Öyle görünüyor ki, bazı okullar uzun çalışma saatlerini değişen tatil günleriyle birleştiriyorlar, bu yüzden öğretmenler, öğretim kalitesini sürdürmek bir yana, pillerini şarj etmekte zorlanıyorlar.
Çoğu zaman olduğu gibi bu, kültürel normlara geri dönüyor. Çoğu öğretmen, çalışma haftasının Pazartesiden Cumaya kadar Cumartesi ve Pazar günleri ücretsiz olarak bırakılmasının normal olduğu bir geçmişe sahiptir. Bu nedenle, örneğin bir izin günü gelmeden altı gün önce çalışmaya alışmak zor olabilir. Ayrıca iki günlük hafta sonu teklif edilmezse, öğretmenlerin boş zamanları azalır ve örneğin uzun bir yolculuğa çıkamayacaklarını anlarlar.

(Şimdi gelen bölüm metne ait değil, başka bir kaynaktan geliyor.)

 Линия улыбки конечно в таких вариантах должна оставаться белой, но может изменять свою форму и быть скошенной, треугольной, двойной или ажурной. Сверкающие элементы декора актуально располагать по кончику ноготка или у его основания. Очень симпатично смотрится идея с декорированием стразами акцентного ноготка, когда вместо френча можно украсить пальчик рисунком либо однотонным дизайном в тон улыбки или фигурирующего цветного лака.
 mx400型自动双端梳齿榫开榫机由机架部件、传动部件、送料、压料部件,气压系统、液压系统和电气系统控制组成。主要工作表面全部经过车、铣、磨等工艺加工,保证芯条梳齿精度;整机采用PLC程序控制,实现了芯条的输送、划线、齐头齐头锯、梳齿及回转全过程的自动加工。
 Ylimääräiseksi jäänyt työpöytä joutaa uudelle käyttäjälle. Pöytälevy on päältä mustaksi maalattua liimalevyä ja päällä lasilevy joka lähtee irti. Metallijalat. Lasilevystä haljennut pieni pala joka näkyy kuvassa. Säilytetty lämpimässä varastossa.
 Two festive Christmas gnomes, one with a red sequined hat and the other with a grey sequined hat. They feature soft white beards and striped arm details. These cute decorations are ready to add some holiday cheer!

Aynı kültürel beklentiler öğretim saatlerinin temelini oluşturur. Batı modeli maksimum 24 veya 25 saattir ancak bu saatler iyi hazırlanmıştır ve öğretmenlerden dinamik bir performans sağlar. Başka yerlerdeki bazı durumlarda, öğretmenlerden 30 veya daha fazla saat ders vermeleri ve buna ayak uydurmakta zorlanmaları istenir. Ancak sınıfta uzun saatler gerekiyorsa, muhtemelen dersin daha pasif olması beklenir, öğrenciler sınıfta belki de normalde ev ödevlerinde yapacakları sessiz bir çalışma yaparlar.

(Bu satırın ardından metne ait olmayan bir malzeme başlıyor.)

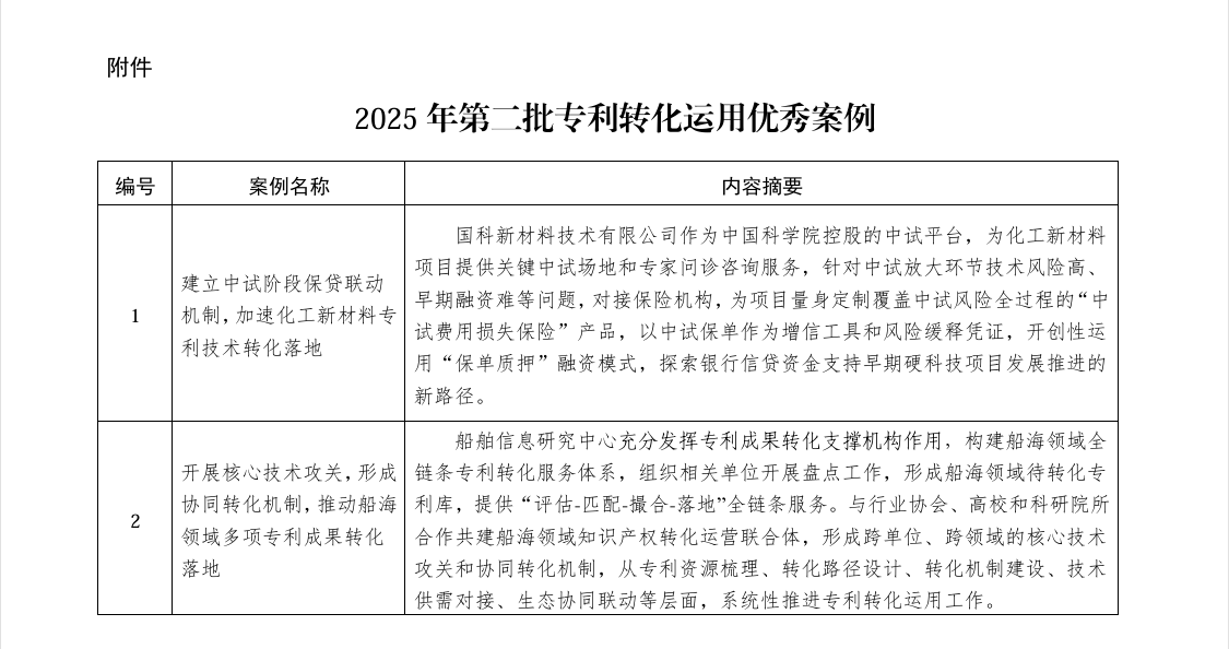 国家知识产权局办公室关于公布2025年第二批专利转化运用优秀案例的通知

Yurtdışına öğretmenlik yapmak için giden pek çok öğretmen meslekte oldukça yeni olduğundan, işverenlerin zaman çizelgesinin tam olarak nasıl çalıştığını ve ne tür girdilerin beklendiğini açıklaması çok önemlidir. Örneğin, bir öğretmenin sabah üç saat boyunca aynı sınıfa, sadece yarısında kısa bir ara vermesi durumunda, öğleden sonra başka bir üç saatlik ders varsa, hızı hem öğretmen hem de öğretmen adına oldukça önemli ölçüde değiştirmek gerekir. öğrenciler. Öğretmen hazırlıklara odaklanabilirken, en azından bu zamanın bir kısmı haklı olarak oldukça mekanik pekiştirme faaliyetlerine ayrılabilir.
Öğretmenlerin derslerini nasıl geri dönüştürebileceklerini de düşünmeleri gerekir. Okul onlara yeterli hazırlık süresi vermezse, hazırladıkları tüm derslerin yeniden kullanılabilir olması gerekecektir.
Zamanla ilgili başka bir sorun, öğretmenlerin bölünmüş yerlerde çalışması gerektiğinde ve bu nedenle bir yerden diğerine seyahat ederken zaman kaybettiklerinde ortaya çıkar. Genel olarak, genç, hevesli öğretmenlerin çok çalışmaya istekli olduğunu düşünüyorum, ancak okullar, sınıf sunumunun kalitesinin, personeline davranış biçimlerine yansıtılacağını anlamalıdır. Öğretmenler fazla çalışıyorlarsa ve ödevler arasında uzun mesafeler kat etmekle fiziksel olarak yorulurlarsa, İngilizce öğretimiyle ilişkilendirdiğimiz yaratıcı sınıf varlığını sürdüremeyeceklerdir.